§ WHAT TO WORK ON
Please transcribe only the lines that run from the line bearing "Acheter 18 Ete" to the end of the entries, keeping both end lines. Skip the pictures.

Stored entries:
Start of Block
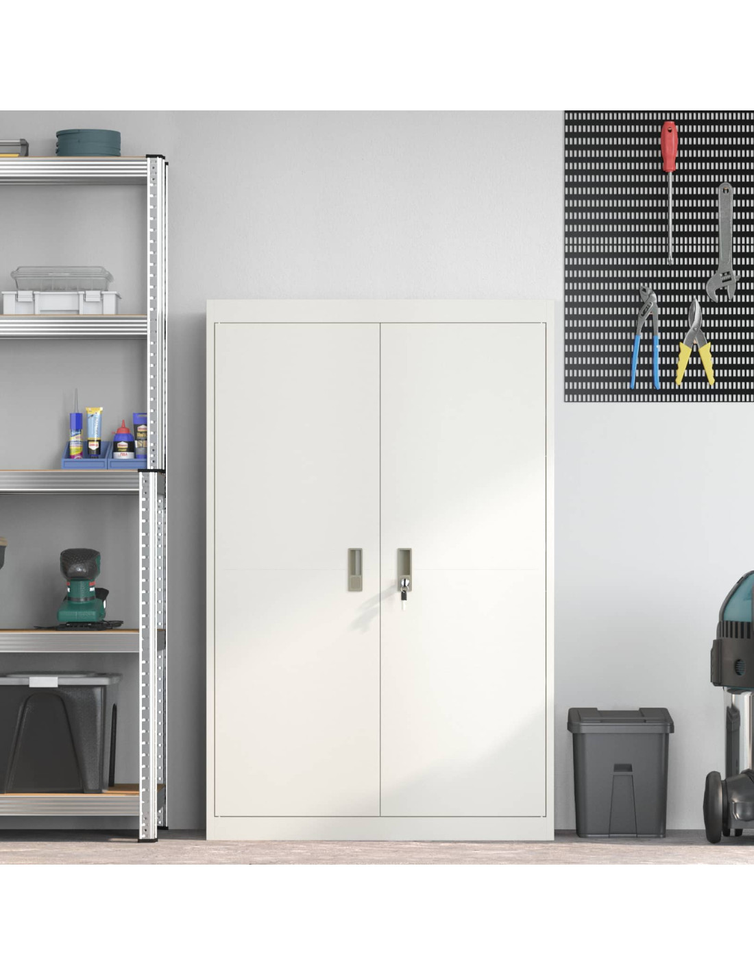Questo armadio di stoccaggio è la soluzione moderna perfetta per organizzare il tuo ufficio con stile. Con un tocco di design industriale, combina funzionalità e bellezza, ideale per chi cerca robusti sistemi di stoccaggio. La struttura in acciaio, completata da una verniciatura a polvere, non solo è bella, ma la rende anche resistente nel tempo.
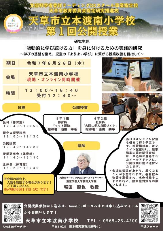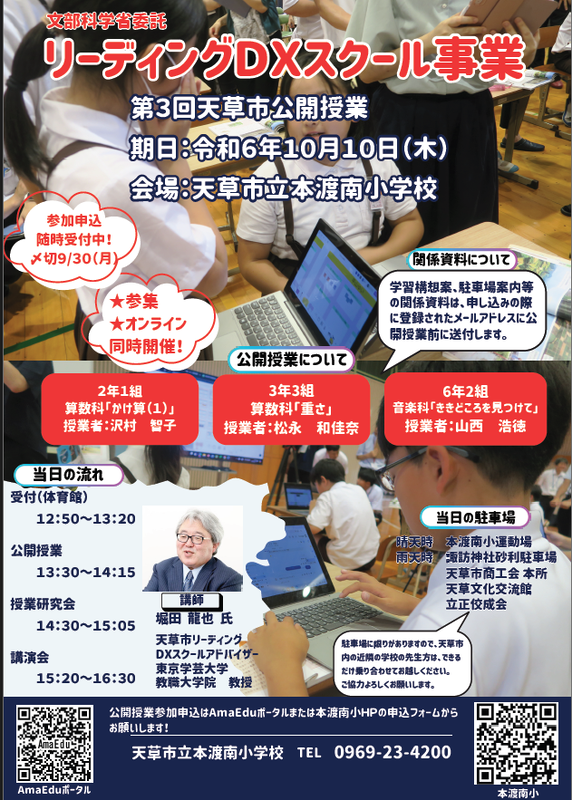 天草市第4回公開授業参加申込 申込〆切:令和7年1月15日(水)
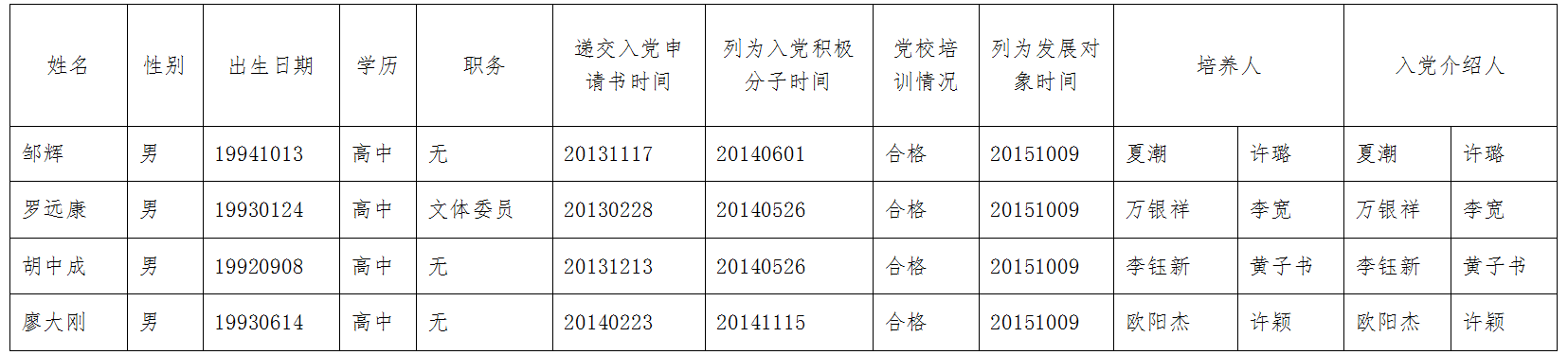 点击:251 根据机械工程学院支部委员会2015年11月 18日决定,拟于近期讨论接收邹辉、罗远康、胡中成、廖大刚同志为预备党员,现将有关情况公示如下:
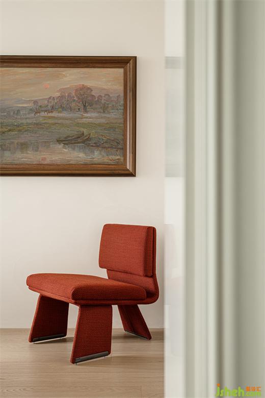 紅色單椅憑借獨(dú)特的姿態(tài),注入一抹亮色的同時(shí),讓整個(gè)空間變得更加和諧有致。
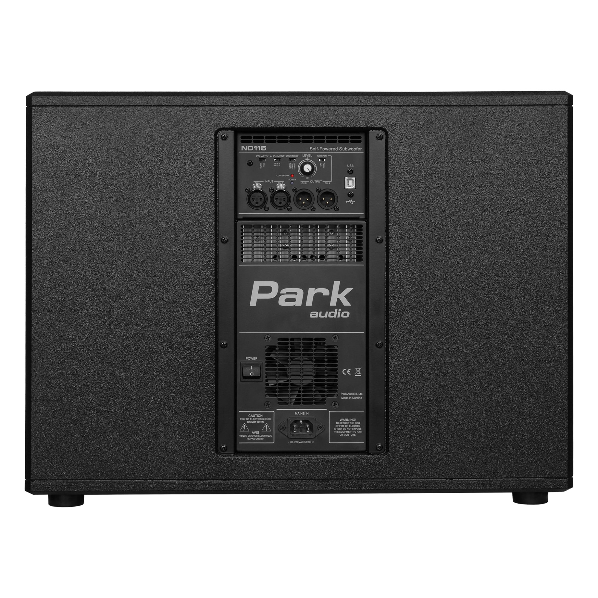 Активний сабвуфер Park Audio ND115-P з 15-дюймовим динаміком відмінно підходить для клубів, барів, ресторанів, музичних гуртів, для внутрішнього та зовнішнього використання. Корпус виконаний із березової фанери з чорним водно-полімерним покриттям. Додатковий захист від вологи забезпечує акустично-прозорий пінопласт, приклеєний на внутрішню поверхню решітки. Дві ергономічні ручки для перенесення розташовані з обох боків. Фланець для стійки колонки розташований у верхній частині сабвуфера. Підсилювач класу D (1000Вт) встановлений в ізольованому відсіку ззаду. Підсилювач оснащений захистом від навантаження, короткого замикання та перегріву. Підсилювач має імпульсне джерело живлення та систему примусового охолодження з плавно регульованою інтенсивністю.
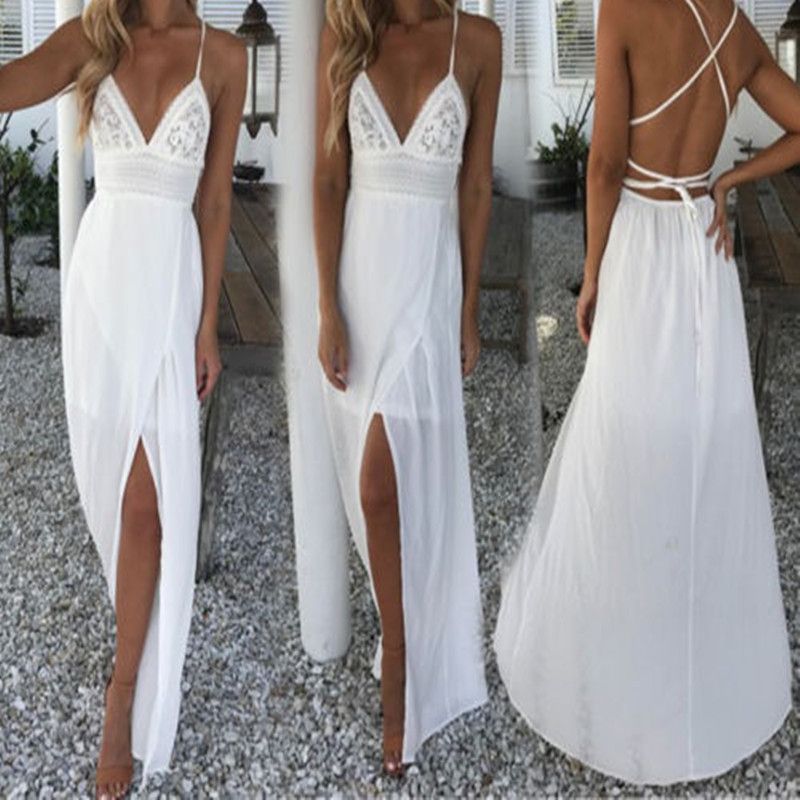 Acheter 18 Ete Boho Femmes Robe Longue Dos Nu Halter Col En V Maxi Plage Boheme Robes Robe Blanche T Shirt Col Robe Sans Manches De 16 93 Du Watch13 Dhgate Com
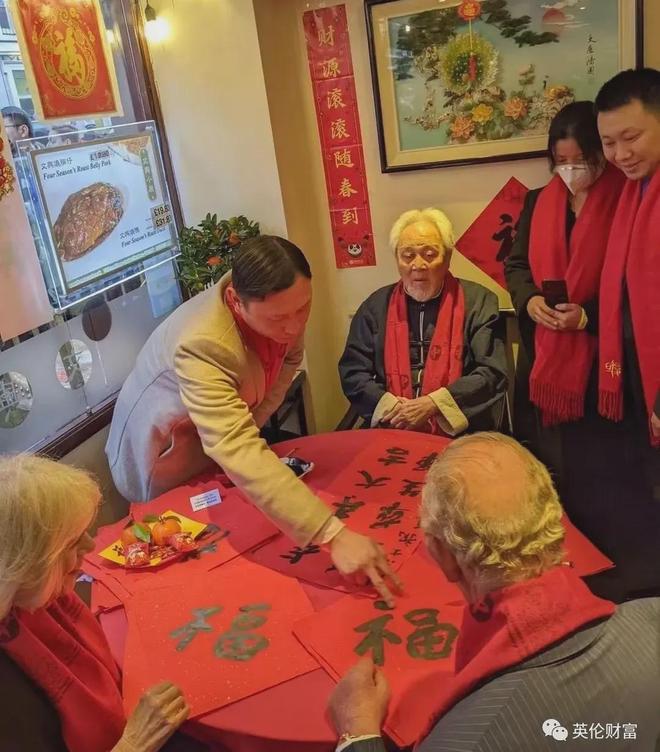 图说:2022年春节,当时仍为王储如今的英国国王夫妇,专程到访伦敦华埠祝贺新春,单声博士现场向王储夫妇展示了如何写春联,朱良玮医生向查尔斯夫妇解释了春节春联等中国传统文化,并教王储夫妇写了“福”字。
End of Block
§ SOLUTION FOR THIS EXERCISE
 Acheter 18 Ete Boho Femmes Robe Longue Dos Nu Halter Col En V Maxi Plage Boheme Robes Robe Blanche T Shirt Col Robe Sans Manches De 16 93 Du Watch13 Dhgate Com
 图说:2022年春节,当时仍为王储如今的英国国王夫妇,专程到访伦敦华埠祝贺新春,单声博士现场向王储夫妇展示了如何写春联,朱良玮医生向查尔斯夫妇解释了春节春联等中国传统文化,并教王储夫妇写了“福”字。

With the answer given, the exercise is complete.